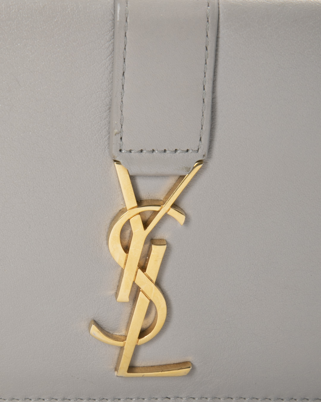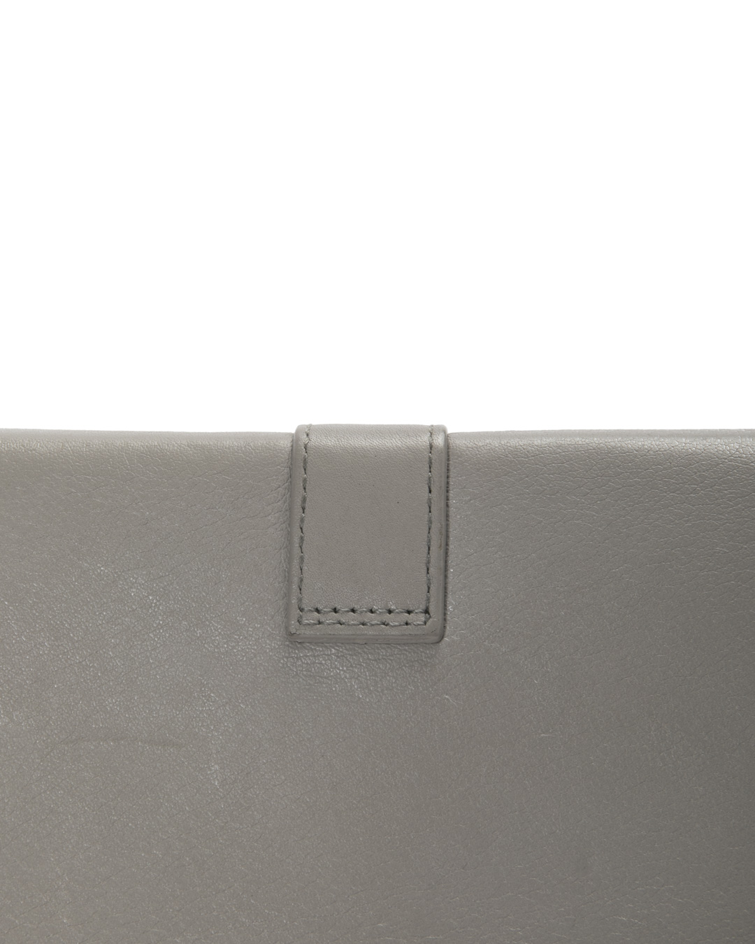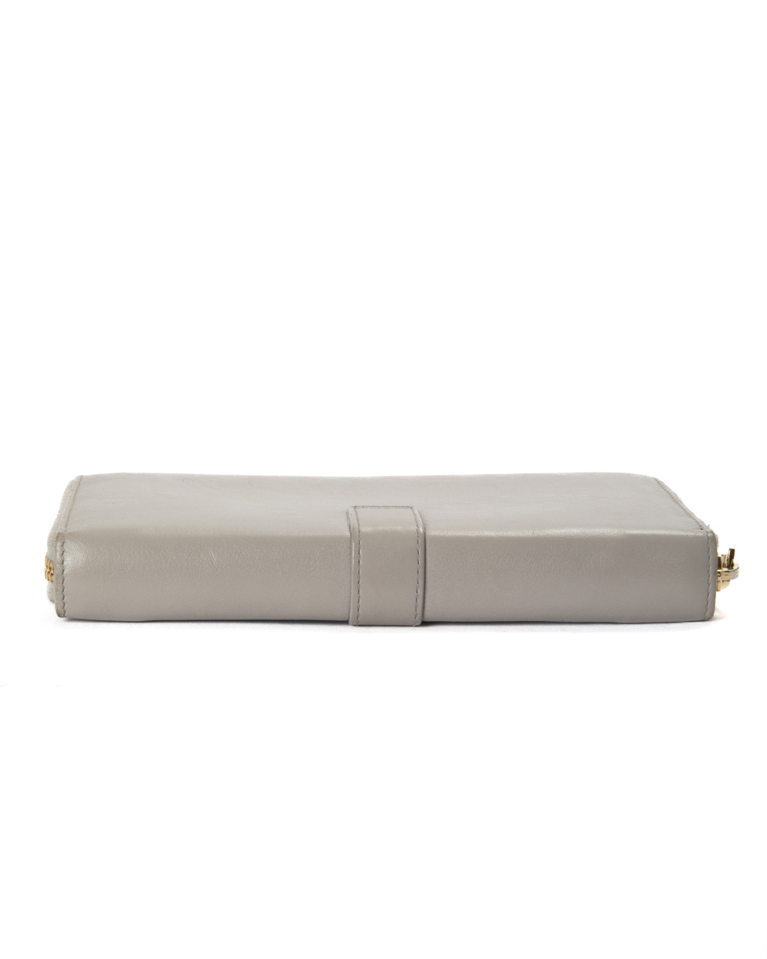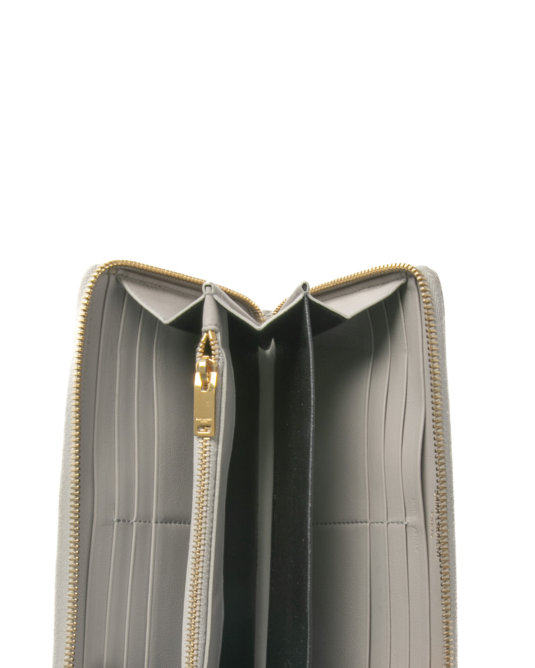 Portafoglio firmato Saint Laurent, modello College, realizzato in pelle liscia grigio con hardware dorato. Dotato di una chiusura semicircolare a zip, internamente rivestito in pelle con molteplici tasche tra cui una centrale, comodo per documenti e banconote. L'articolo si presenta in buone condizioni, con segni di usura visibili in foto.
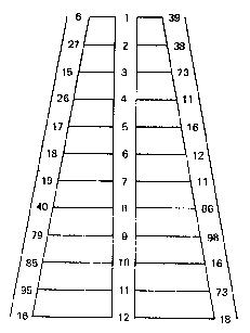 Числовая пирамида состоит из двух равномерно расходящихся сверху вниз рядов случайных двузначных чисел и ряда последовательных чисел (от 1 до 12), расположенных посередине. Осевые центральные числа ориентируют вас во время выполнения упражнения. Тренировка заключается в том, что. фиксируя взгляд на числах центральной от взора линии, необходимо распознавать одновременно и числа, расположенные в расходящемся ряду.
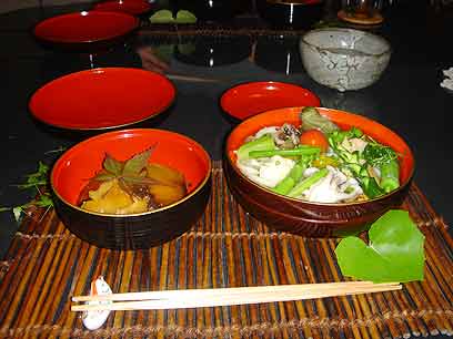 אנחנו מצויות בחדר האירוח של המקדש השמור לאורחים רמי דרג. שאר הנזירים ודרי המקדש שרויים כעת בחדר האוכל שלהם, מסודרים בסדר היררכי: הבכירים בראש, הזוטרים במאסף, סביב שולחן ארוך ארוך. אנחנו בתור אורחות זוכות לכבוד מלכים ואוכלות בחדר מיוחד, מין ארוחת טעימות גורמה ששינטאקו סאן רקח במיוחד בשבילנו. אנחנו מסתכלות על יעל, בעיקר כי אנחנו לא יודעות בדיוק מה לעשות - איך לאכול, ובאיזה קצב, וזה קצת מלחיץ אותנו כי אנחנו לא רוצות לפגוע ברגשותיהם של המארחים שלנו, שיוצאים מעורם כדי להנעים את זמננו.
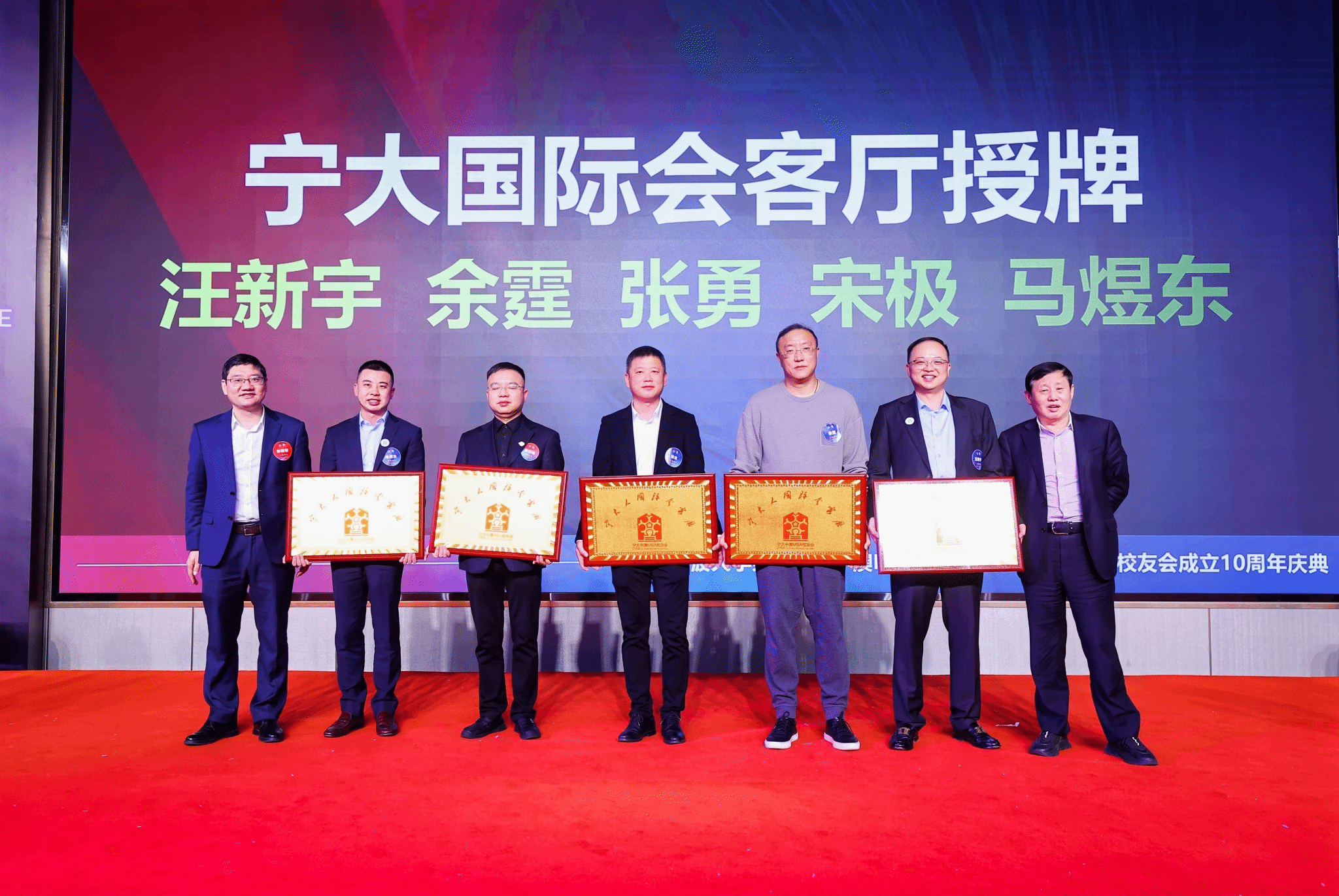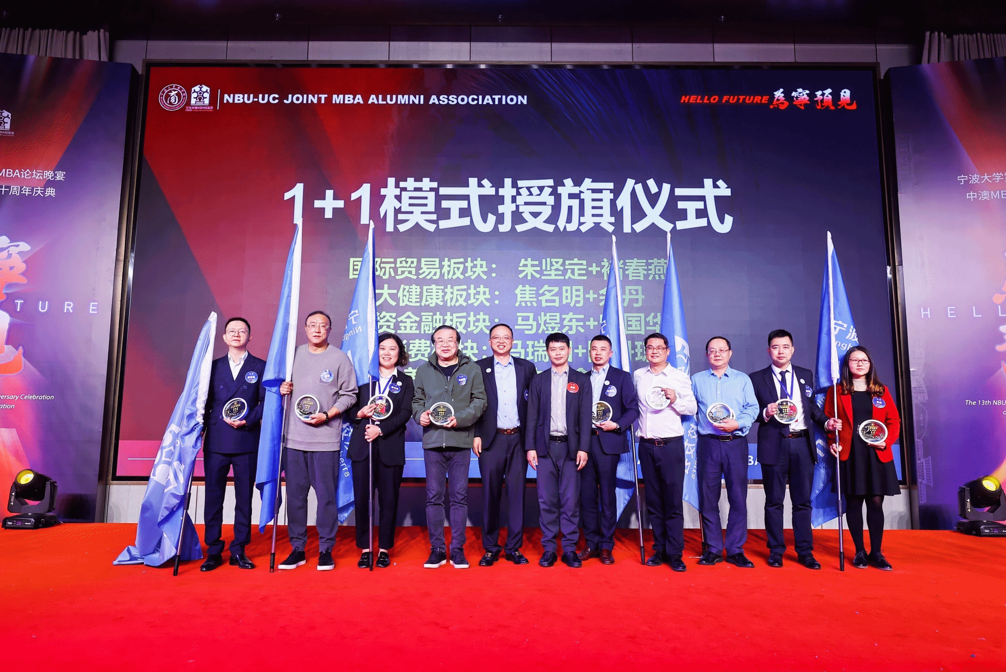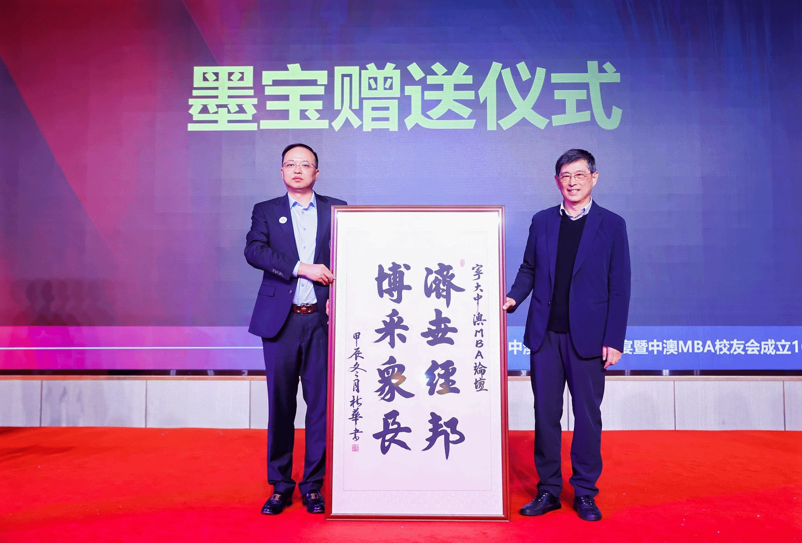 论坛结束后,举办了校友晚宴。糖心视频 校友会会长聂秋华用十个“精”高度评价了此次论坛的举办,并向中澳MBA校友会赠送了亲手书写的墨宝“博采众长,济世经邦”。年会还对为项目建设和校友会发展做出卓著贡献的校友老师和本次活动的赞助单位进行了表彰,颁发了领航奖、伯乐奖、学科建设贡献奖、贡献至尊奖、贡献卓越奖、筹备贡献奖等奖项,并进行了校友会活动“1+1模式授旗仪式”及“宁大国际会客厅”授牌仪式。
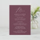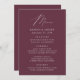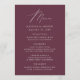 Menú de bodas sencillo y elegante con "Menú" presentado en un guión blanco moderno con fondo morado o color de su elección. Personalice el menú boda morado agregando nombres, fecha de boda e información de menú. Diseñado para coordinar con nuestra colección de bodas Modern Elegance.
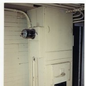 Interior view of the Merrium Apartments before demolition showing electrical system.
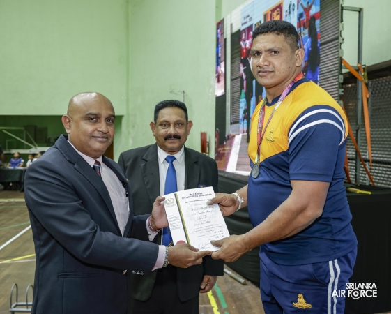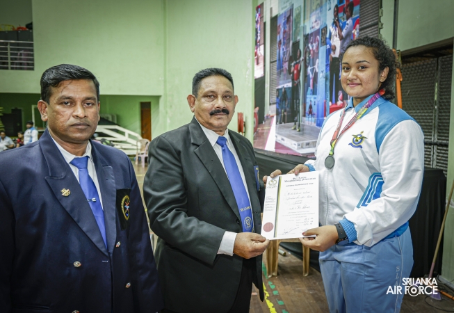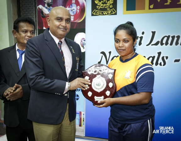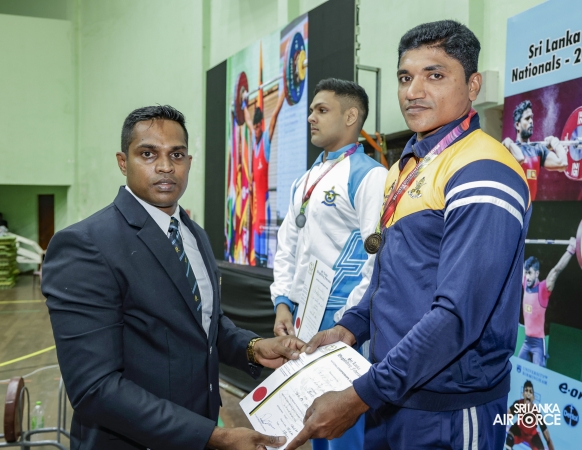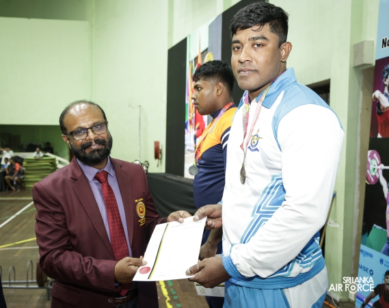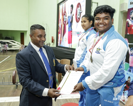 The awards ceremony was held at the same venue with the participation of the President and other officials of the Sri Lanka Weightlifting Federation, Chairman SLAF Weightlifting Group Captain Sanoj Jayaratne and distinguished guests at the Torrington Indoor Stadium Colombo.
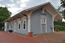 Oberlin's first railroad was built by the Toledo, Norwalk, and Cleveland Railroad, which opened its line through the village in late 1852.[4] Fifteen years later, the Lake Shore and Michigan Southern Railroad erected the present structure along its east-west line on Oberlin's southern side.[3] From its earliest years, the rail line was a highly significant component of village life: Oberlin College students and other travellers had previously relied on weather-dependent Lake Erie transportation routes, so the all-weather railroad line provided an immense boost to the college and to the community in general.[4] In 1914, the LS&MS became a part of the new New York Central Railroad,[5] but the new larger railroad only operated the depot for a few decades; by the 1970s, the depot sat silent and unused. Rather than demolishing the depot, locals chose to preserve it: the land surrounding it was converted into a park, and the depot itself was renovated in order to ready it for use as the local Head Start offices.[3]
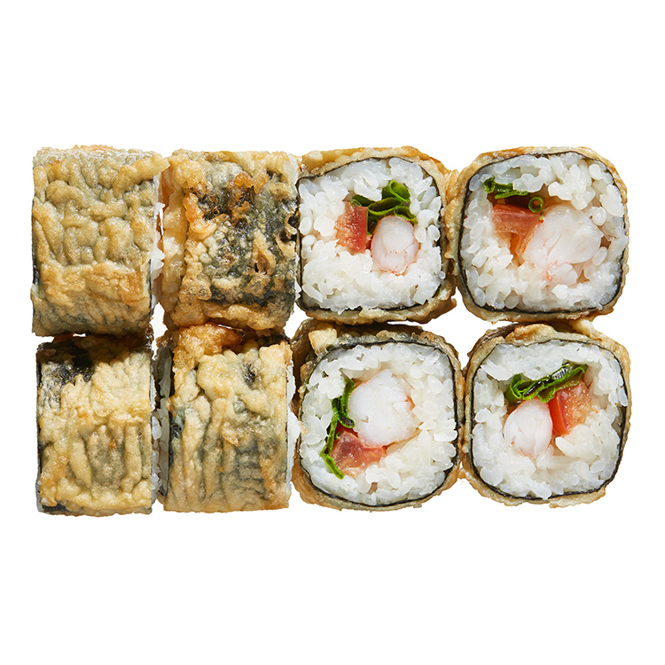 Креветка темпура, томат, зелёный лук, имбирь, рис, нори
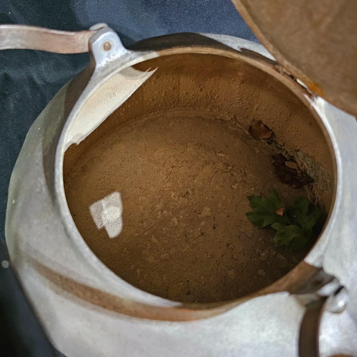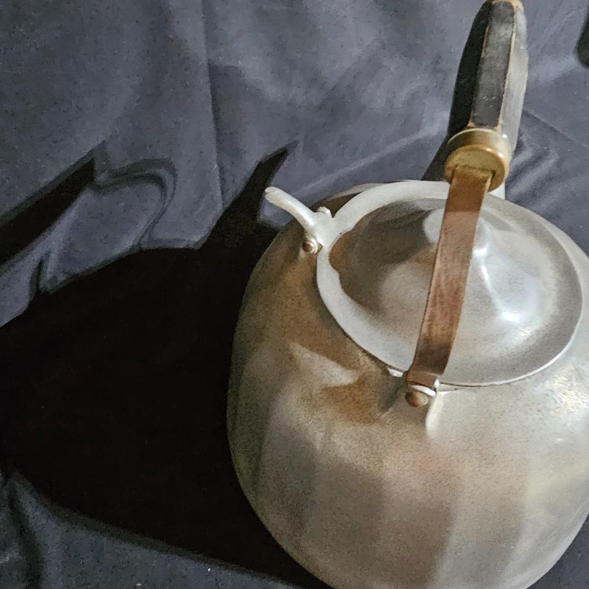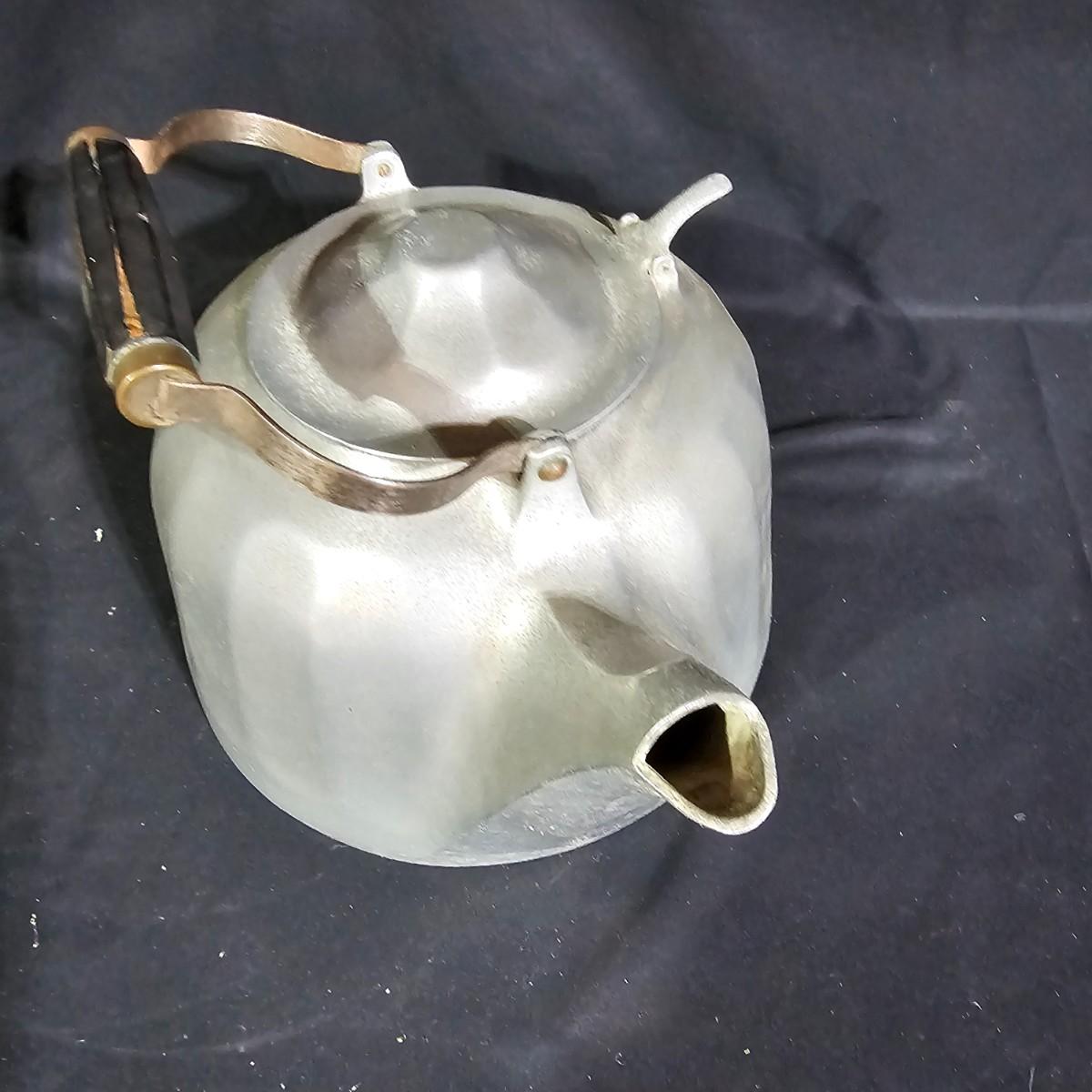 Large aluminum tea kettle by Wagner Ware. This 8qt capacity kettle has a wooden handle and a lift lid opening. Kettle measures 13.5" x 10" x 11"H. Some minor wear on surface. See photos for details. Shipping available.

■ Prompt
What lines above run from the one with "Menú de bodas" to the one with "Interior view of"? Give them again exactly, ends included, and leave the pictures out.

■ Task solution
 Menú de bodas sencillo y elegante con "Menú" presentado en un guión blanco moderno con fondo morado o color de su elección. Personalice el menú boda morado agregando nombres, fecha de boda e información de menú. Diseñado para coordinar con nuestra colección de bodas Modern Elegance.
 Interior view of the Merrium Apartments before demolition showing electrical system.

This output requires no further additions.